◆ ASSIGNMENT
In the copy, keep every word of the data below and none of its pictures.

Data records
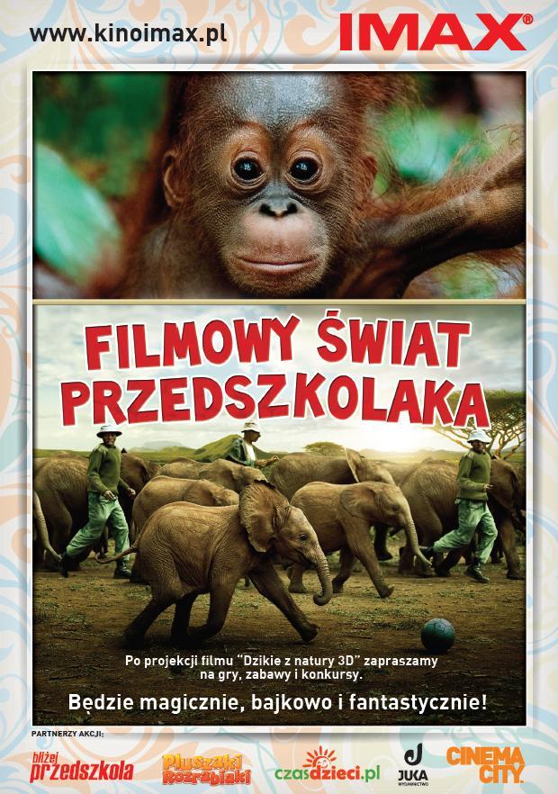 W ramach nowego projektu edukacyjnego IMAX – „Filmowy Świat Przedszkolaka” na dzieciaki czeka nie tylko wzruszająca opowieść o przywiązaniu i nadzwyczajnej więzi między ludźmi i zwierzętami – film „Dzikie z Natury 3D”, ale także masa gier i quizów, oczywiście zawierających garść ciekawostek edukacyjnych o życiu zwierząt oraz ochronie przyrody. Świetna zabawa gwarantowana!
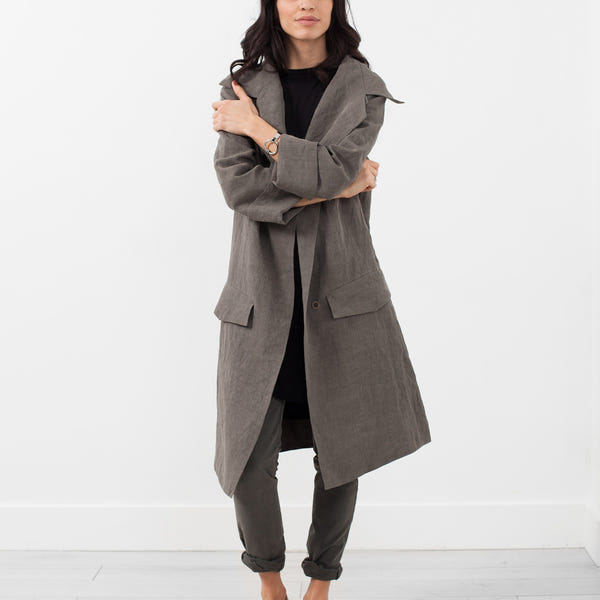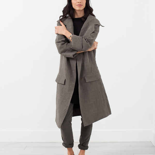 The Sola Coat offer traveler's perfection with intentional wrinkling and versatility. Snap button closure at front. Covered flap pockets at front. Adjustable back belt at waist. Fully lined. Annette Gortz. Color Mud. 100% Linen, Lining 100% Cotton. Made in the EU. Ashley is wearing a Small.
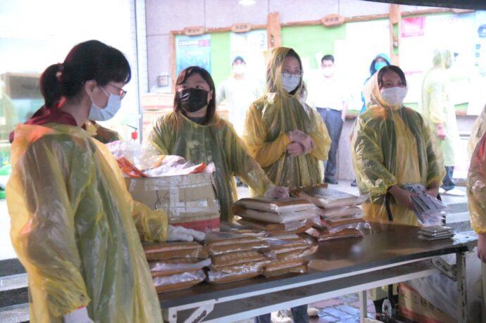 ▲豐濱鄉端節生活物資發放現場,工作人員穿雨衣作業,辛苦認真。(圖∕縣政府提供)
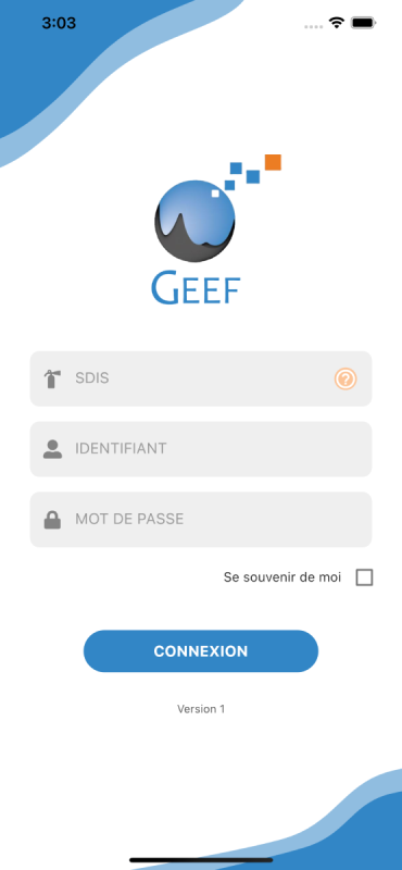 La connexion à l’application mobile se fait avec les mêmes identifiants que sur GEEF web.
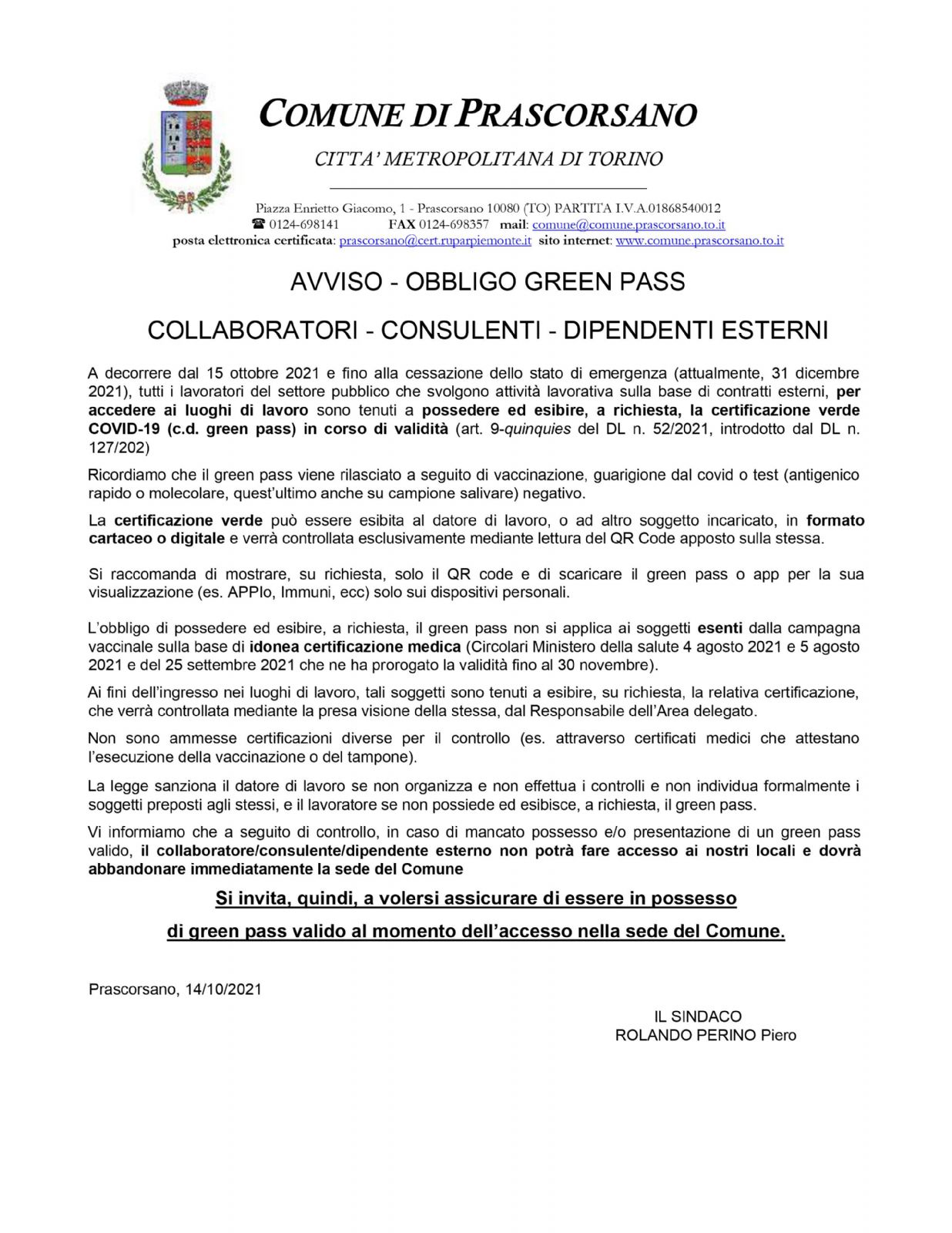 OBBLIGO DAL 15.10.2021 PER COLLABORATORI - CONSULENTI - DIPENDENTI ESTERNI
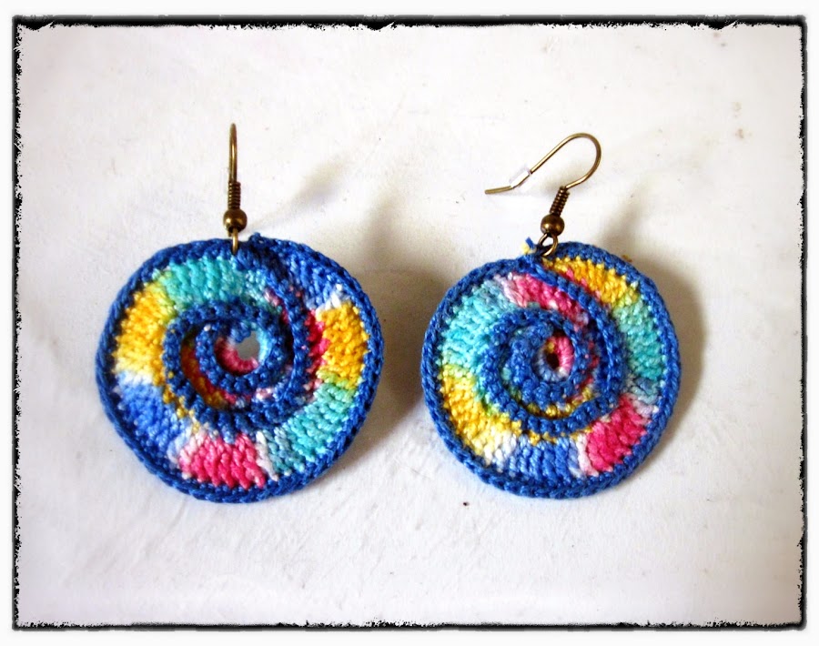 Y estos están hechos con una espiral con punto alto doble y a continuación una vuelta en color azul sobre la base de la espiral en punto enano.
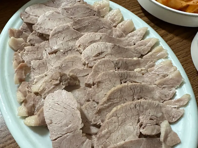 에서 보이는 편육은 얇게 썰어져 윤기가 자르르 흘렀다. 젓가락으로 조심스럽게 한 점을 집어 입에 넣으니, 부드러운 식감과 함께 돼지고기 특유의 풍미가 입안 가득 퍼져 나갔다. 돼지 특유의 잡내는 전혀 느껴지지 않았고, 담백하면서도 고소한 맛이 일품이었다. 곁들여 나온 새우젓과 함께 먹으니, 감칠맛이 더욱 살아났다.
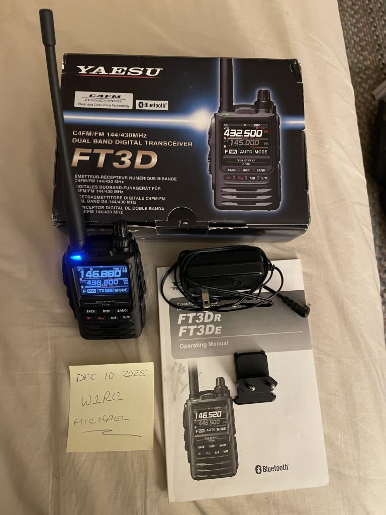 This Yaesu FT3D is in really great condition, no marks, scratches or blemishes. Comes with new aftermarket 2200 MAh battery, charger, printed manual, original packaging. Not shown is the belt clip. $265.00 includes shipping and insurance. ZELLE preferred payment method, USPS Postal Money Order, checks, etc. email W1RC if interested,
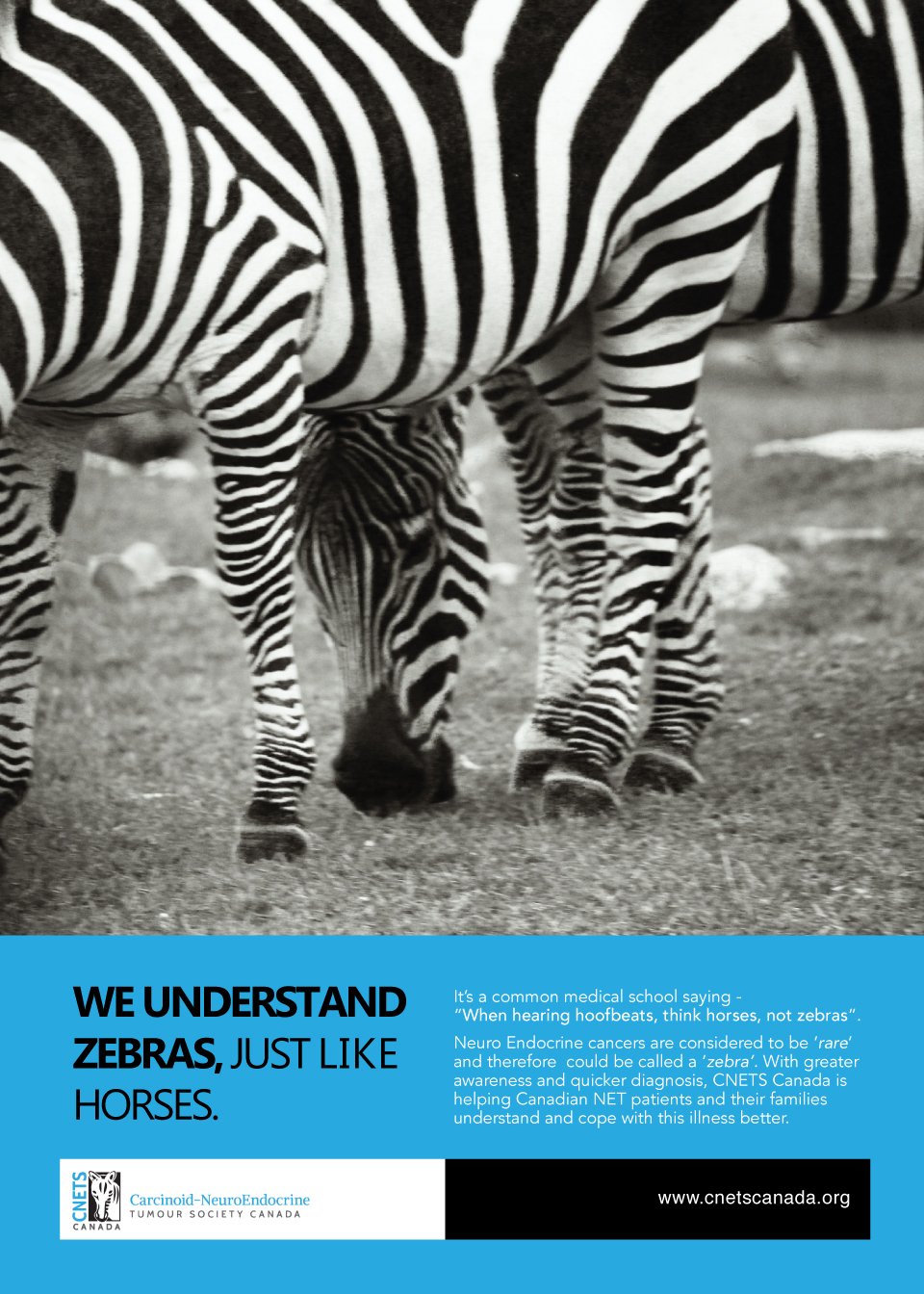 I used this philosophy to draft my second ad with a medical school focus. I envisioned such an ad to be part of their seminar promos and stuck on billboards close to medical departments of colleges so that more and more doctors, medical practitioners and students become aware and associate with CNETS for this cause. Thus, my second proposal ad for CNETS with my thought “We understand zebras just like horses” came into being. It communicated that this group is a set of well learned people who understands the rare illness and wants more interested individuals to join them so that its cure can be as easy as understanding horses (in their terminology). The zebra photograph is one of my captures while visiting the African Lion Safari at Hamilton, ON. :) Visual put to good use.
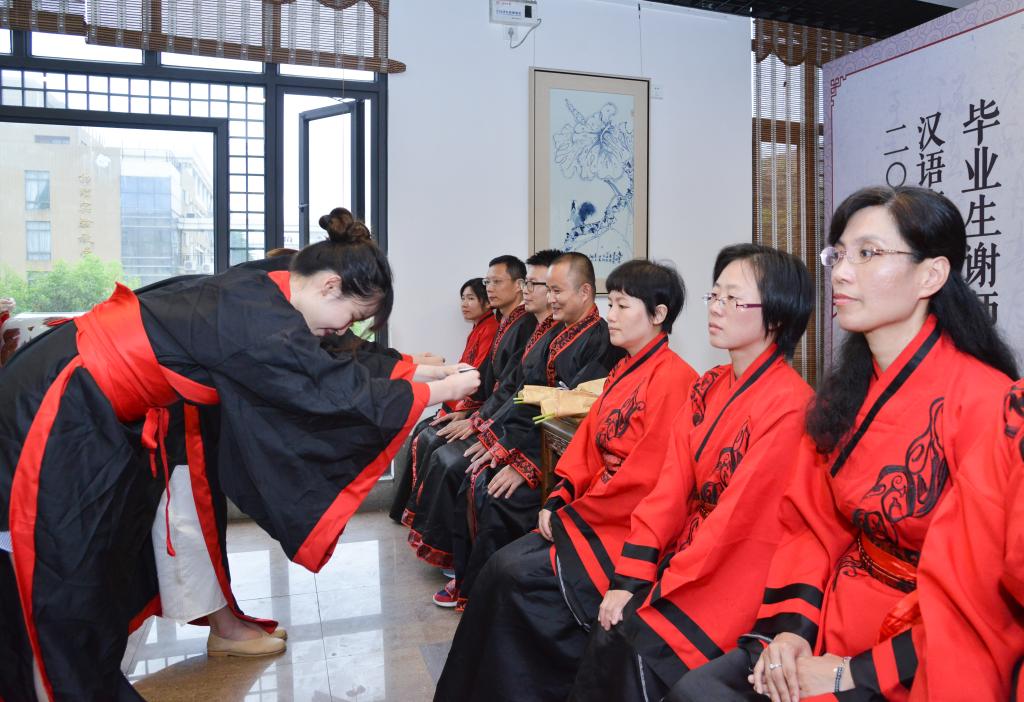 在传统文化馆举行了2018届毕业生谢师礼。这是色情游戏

◆ RESPONSE TO THIS TASK
 W ramach nowego projektu edukacyjnego IMAX – „Filmowy Świat Przedszkolaka” na dzieciaki czeka nie tylko wzruszająca opowieść o przywiązaniu i nadzwyczajnej więzi między ludźmi i zwierzętami – film „Dzikie z Natury 3D”, ale także masa gier i quizów, oczywiście zawierających garść ciekawostek edukacyjnych o życiu zwierząt oraz ochronie przyrody. Świetna zabawa gwarantowana!
 The Sola Coat offer traveler's perfection with intentional wrinkling and versatility. Snap button closure at front. Covered flap pockets at front. Adjustable back belt at waist. Fully lined. Annette Gortz. Color Mud. 100% Linen, Lining 100% Cotton. Made in the EU. Ashley is wearing a Small.
 ▲豐濱鄉端節生活物資發放現場,工作人員穿雨衣作業,辛苦認真。(圖∕縣政府提供)
 La connexion à l’application mobile se fait avec les mêmes identifiants que sur GEEF web.
 OBBLIGO DAL 15.10.2021 PER COLLABORATORI - CONSULENTI - DIPENDENTI ESTERNI
 Y estos están hechos con una espiral con punto alto doble y a continuación una vuelta en color azul sobre la base de la espiral en punto enano.
 에서 보이는 편육은 얇게 썰어져 윤기가 자르르 흘렀다. 젓가락으로 조심스럽게 한 점을 집어 입에 넣으니, 부드러운 식감과 함께 돼지고기 특유의 풍미가 입안 가득 퍼져 나갔다. 돼지 특유의 잡내는 전혀 느껴지지 않았고, 담백하면서도 고소한 맛이 일품이었다. 곁들여 나온 새우젓과 함께 먹으니, 감칠맛이 더욱 살아났다.
 This Yaesu FT3D is in really great condition, no marks, scratches or blemishes. Comes with new aftermarket 2200 MAh battery, charger, printed manual, original packaging. Not shown is the belt clip. $265.00 includes shipping and insurance. ZELLE preferred payment method, USPS Postal Money Order, checks, etc. email W1RC if interested,
 I used this philosophy to draft my second ad with a medical school focus. I envisioned such an ad to be part of their seminar promos and stuck on billboards close to medical departments of colleges so that more and more doctors, medical practitioners and students become aware and associate with CNETS for this cause. Thus, my second proposal ad for CNETS with my thought “We understand zebras just like horses” came into being. It communicated that this group is a set of well learned people who understands the rare illness and wants more interested individuals to join them so that its cure can be as easy as understanding horses (in their terminology). The zebra photograph is one of my captures while visiting the African Lion Safari at Hamilton, ON. :) Visual put to good use.
 在传统文化馆举行了2018届毕业生谢师礼。这是色情游戏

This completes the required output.